Based on the collective coaching experience of OKRs.com certified coaches and the founding members of the OKRs Coach Network across hundreds of organizations and thousands of teams, these mantras summarize universal tips for the OKRs coach. We find that following these mantras consistently translates to success with OKRs.
Here are the five mantras we believe you need to know to be an effective OKRs coach. Memorize and incorporate them into your practice and we believe you’re on the path to success!
1 – Less is more.
Define a small set of OKRs. Communication with OKRs is negatively correlated to the number of OKRs. So, the fewer OKRs you have, the better the communication. And, people are more likely to pay attention when they know there is less content to absorb. A small set helps increase focus and makes check-ins more efficient throughout the cycle as well as reminding everyone that not all work needs to be reflected in OKRs. Once upon a time back in the 1990s, organizations defined 5 +/- 2 objectives (i.e. 3-7). Now we advise 2 +/- 1 (i.e. at most 3 objectives per team).
2 – Crawl, walk, run.
Deploy OKRs piecemeal. Begin with pilot teams rather than a full-scale deployment across an entire organization. In the first cycle, emphasize learning about OKRs. Reserve the second cycle to explore how best to scale the program. Niket Desai, who played the OKRs coach role at FlipKart, provided this guidance after deploying OKRs quickly across their entire organization of over 30,000 employees at the time. For more, see the case study in chapter seven of Objectives and Key Results.
3 – Outcomes, not output.
Write key results that mostly reflect outcomes (results) rather than output (amount of work delivered). As an OKRs coach, you ask questions to help your client translate draft key results that often look a list of tasks into effective key results.
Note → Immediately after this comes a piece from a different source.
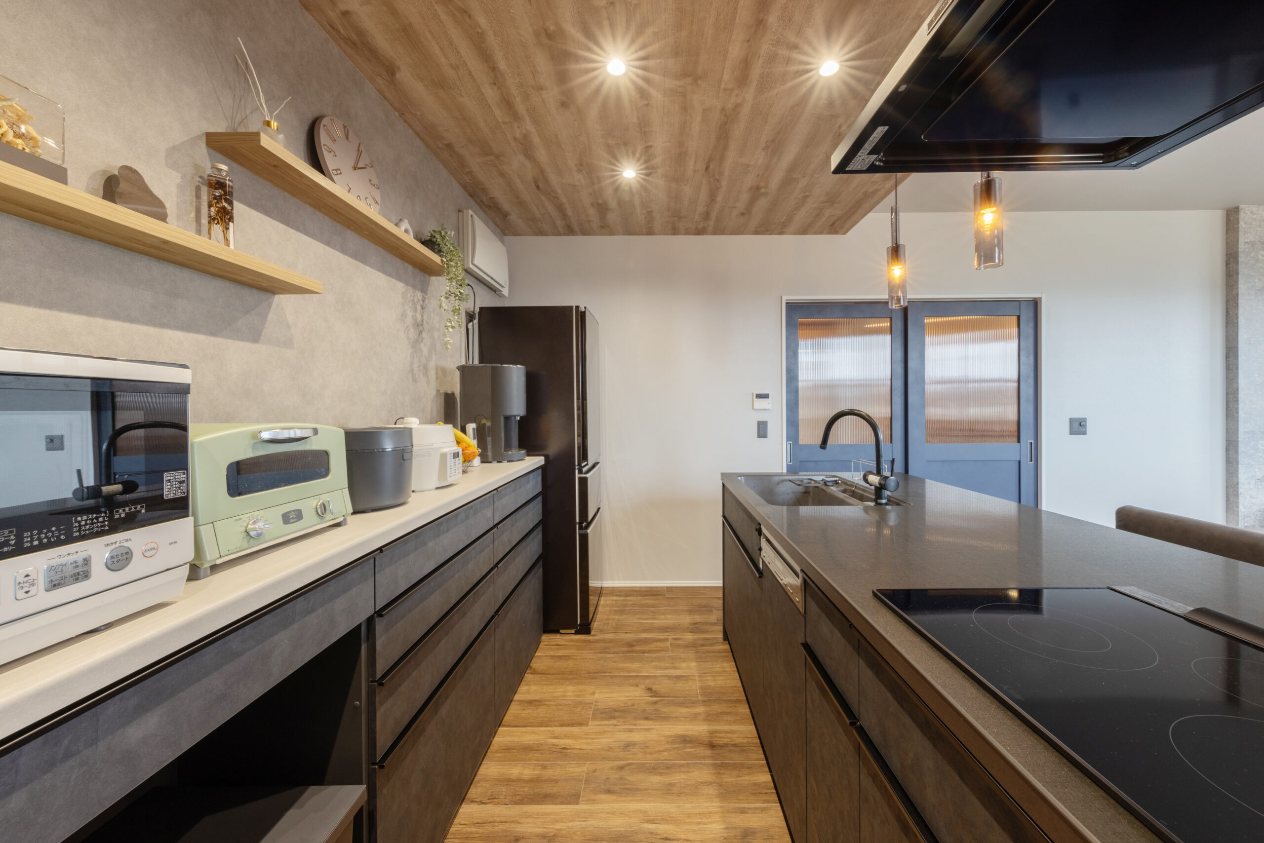 飾り棚やグレーのアクセントクロスなど、奥様こだわりのキッチン

You guide your client through a series of questions to design effective key results that reflect measurable outcomes. You ask the fundamental task-to-key-result question: “What is the intended outcome of the task?”
4 – OKRs are not everything.
Write OKRs that reflect the most important areas to make measurable progress rather than attempting to reflect everything you do. Distinguish OKRs from tasks and health metrics. Health metrics are monitored and important to track, but, unlike key results, they are not the focus for near-term improvement. Remember, just because you are measuring a certain metric does not mean that the metric should be included as a key result.
5 – The only way to learn OKRs is to do OKRs.
Allocate most of an OKRs training workshop to drafting your client’s real OKRs rather than discussing theory and presenting OKRs from other organizations. Our clients do not want to see examples of OKRs from other organizations, they want to see their OKRs. As an OKRs coach, you facilitate a process to enable your client to develop their OKRs. This process is what drives learning, not theoretical discussions and examples.